Of course, you can print your own boarding pass, or you have to if you’re flying Ryanair (unless you want to pay a lot for the airline to print them for you). Now passengers will be able to use kiosks to print out their own baggage tags before dropping them off where they will be scanned and checked for weight. This should in theory save you time in the check-in hall. Then you see the queue for the bag drop-off...
Smile for the camera please! We are well used to getting snapped as we head to security, and not just because we’re heading for the pages of Heat. But there’s more to it than taking pretty pictures of our mugs. Scanners verify a person’s ID using face recognition technology, preventing misdemeanours like people swapping tickets to avoid immigration checks. This could also be used to target potential customers with advertising for say, duty free offers. Very Minority Report! “Good morning Mr Anderton…”
American Airlines are replacing paper manuals in passenger plane cockpits. This isn’t because they’re trying to be cool, it makes good business sense. Previously, pilots had to carry 35 pounds of printed manuals and other paper work every time they flew. Now it has all been put into the super lightweight iPad. The weight reduction will save American 1.2 million dollars in jet fuel every year.
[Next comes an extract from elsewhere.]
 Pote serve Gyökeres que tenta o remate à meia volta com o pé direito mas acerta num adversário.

Some airlines have demanded overweight cabin crew shift the pounds for the same reason.
Airbus aims to imitate technology used by fighter jets by using rolling platforms to tow planes across the runway and then catapult them into the sky. This will help reduce required fuel, thus saving money, and being better for the environment. It would also allow a steeper climb from airports, so planes reach cruising altitude faster, and reduce noise pollution. Other benefits include shortening runways up to a third, minimising land use and increasing airport capacity with the possibility of ‘micro-airports’ being built closer to cities.
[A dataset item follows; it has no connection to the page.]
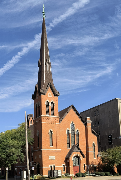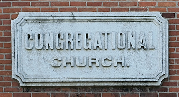 An existing building has another example of a full stop. The First Congregational Church building was built at the corner of Clinton Street at Jefferson Street in 1868, which is well after the main phase of construction at the Old Capitol was completed. A name plaque reads “First Congregational Church. ” The inscription on the date plaque reads “Erected A.D. 1868. ” and includes the full stop format. Thanks go to Erika Bethke for pointing this one out. The location of the name plaque is visible on the front face of the building on the first floor of the tower. Other inscriptions are on plaques slightly higher and on the left or north face of the tower.

Japan Airlines are now using Near Field Communication (NFC) scanners to use passengers ‘mobile phones as boarding passes rather than the traditional paper print-out. For now, this is only on domestic routes where lower security is required but it is a step in the right direction with other airlines considering following suit. Whatever next, self-scan security? Are you carrying liquids? Yes/No? No! That’s not a bottle of vodka in my pocket, honest!